- _Provided material_
•••

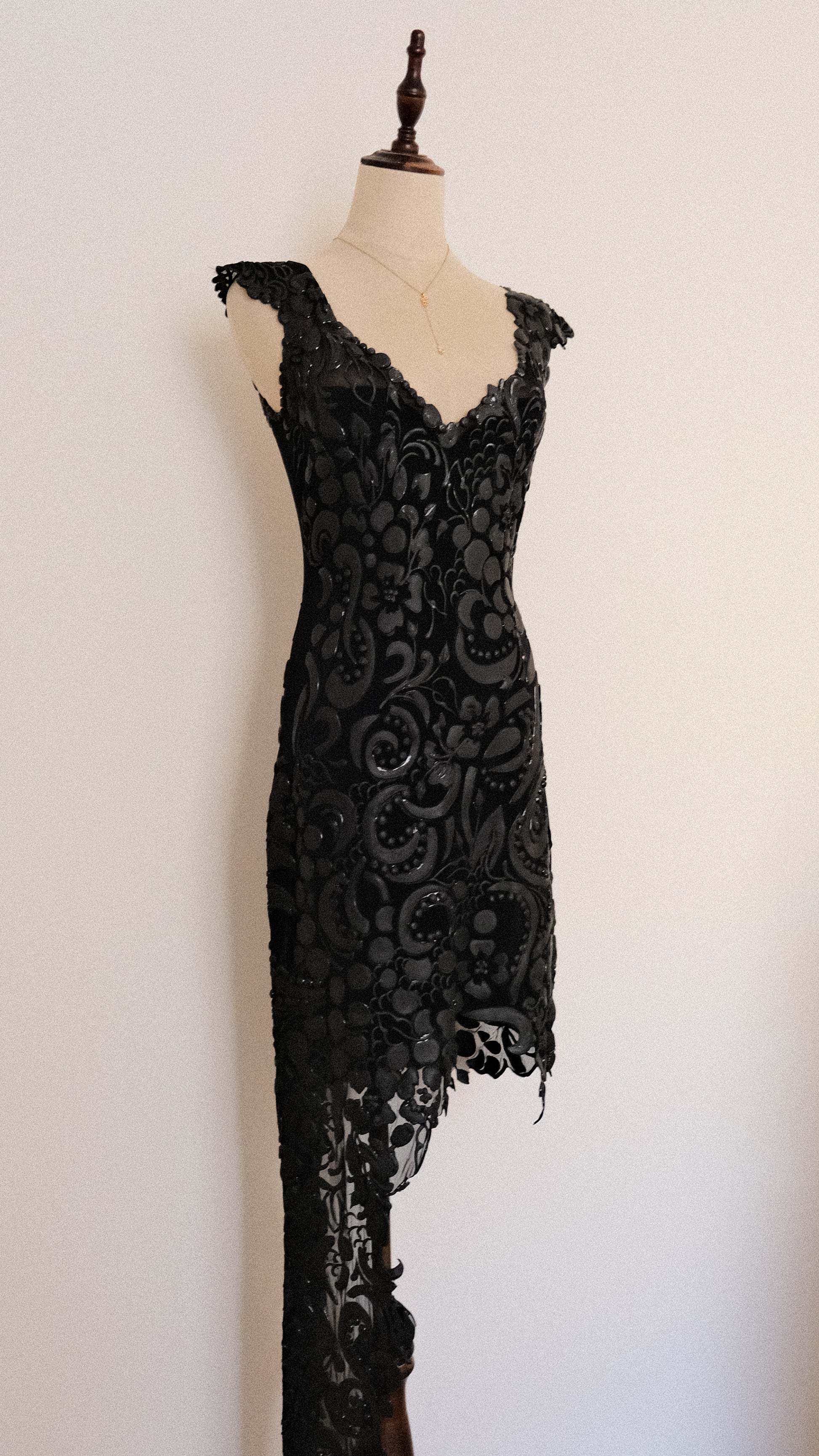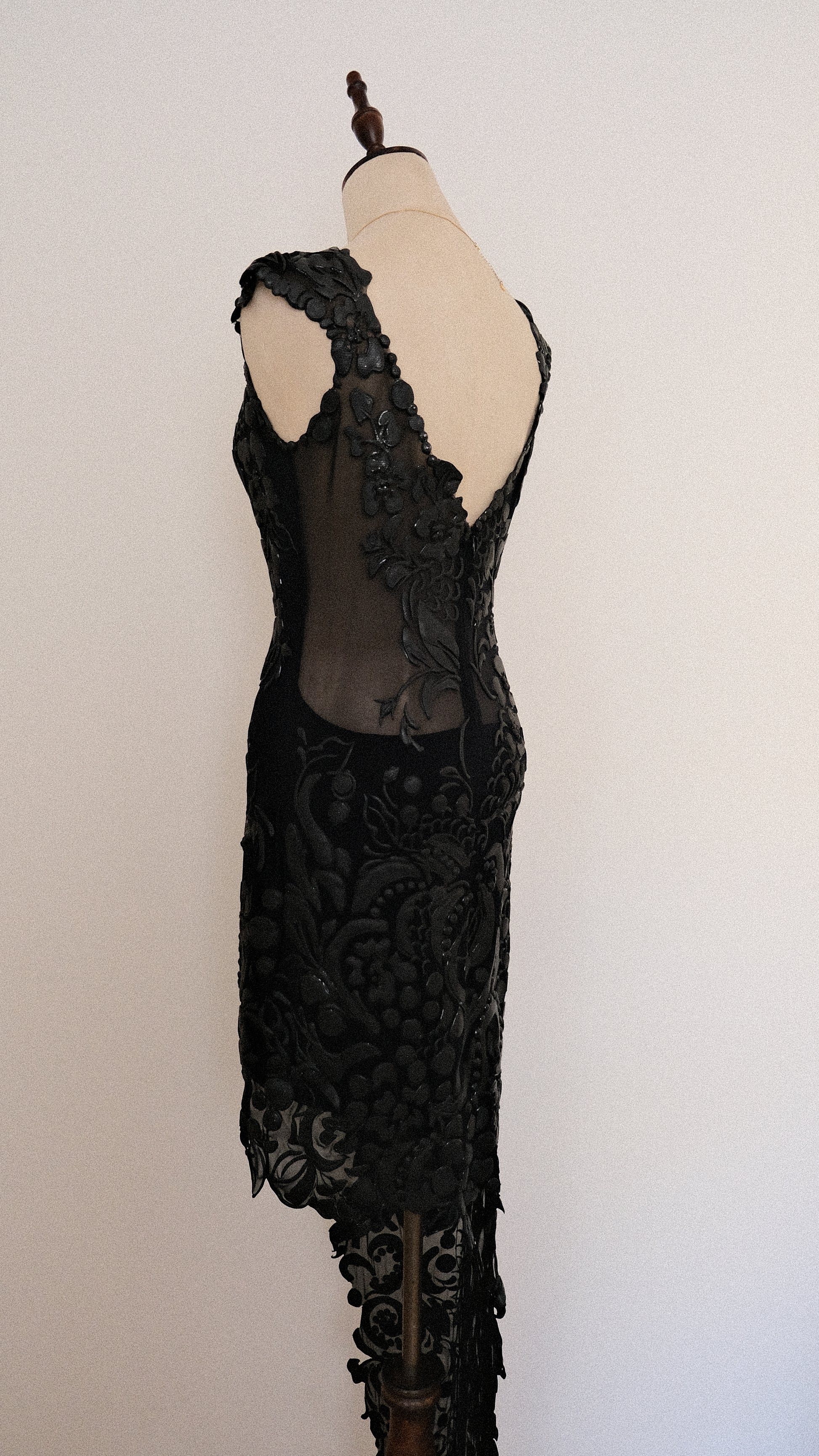 A fairygrunge mystical dress with handpainted detailing and asymmetrical cut at the bottom. Brand: Ema Savahl
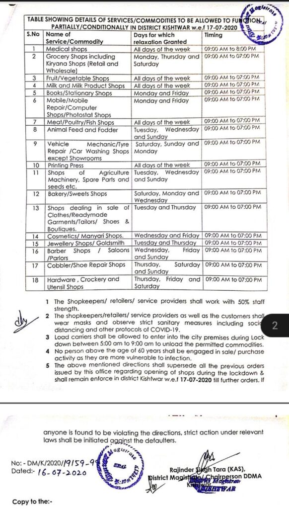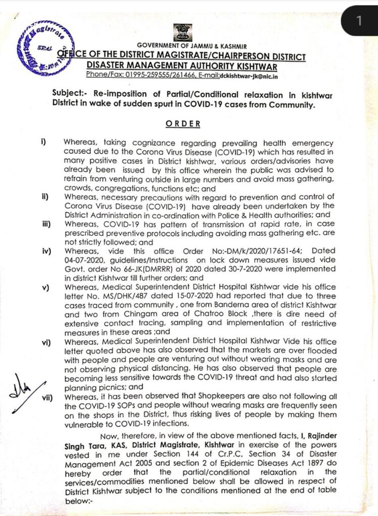 J & K Re-imposition of Partial/Conditional relaxation in kishtwar District in wake of sudden spurt in COVID-19 cases from Community By Paigaam News - July 17, 2020 435 Facebook Twitter Google+ Pinterest WhatsApp
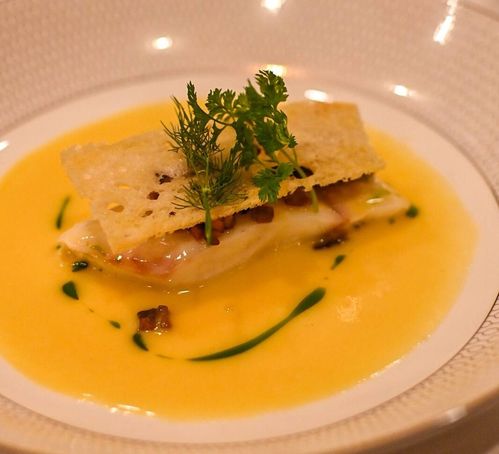 前菜「白レバーのフォンダン リードヴォーと栗」は、フォンダン仕立てにした白レバーと、フランス料理で高級食材として珍重される牛の希少部位「リードヴォー(シビレ)」を、秋の味覚である栗、いちじくと合わせたひと品。

•••

- _Description of the task_
What is needed here is an exact transcript of the data above, pictures excluded.

- _Result for this task_
 A fairygrunge mystical dress with handpainted detailing and asymmetrical cut at the bottom. Brand: Ema Savahl
 J & K Re-imposition of Partial/Conditional relaxation in kishtwar District in wake of sudden spurt in COVID-19 cases from Community By Paigaam News - July 17, 2020 435 Facebook Twitter Google+ Pinterest WhatsApp
 前菜「白レバーのフォンダン リードヴォーと栗」は、フォンダン仕立てにした白レバーと、フランス料理で高級食材として珍重される牛の希少部位「リードヴォー(シビレ)」を、秋の味覚である栗、いちじくと合わせたひと品。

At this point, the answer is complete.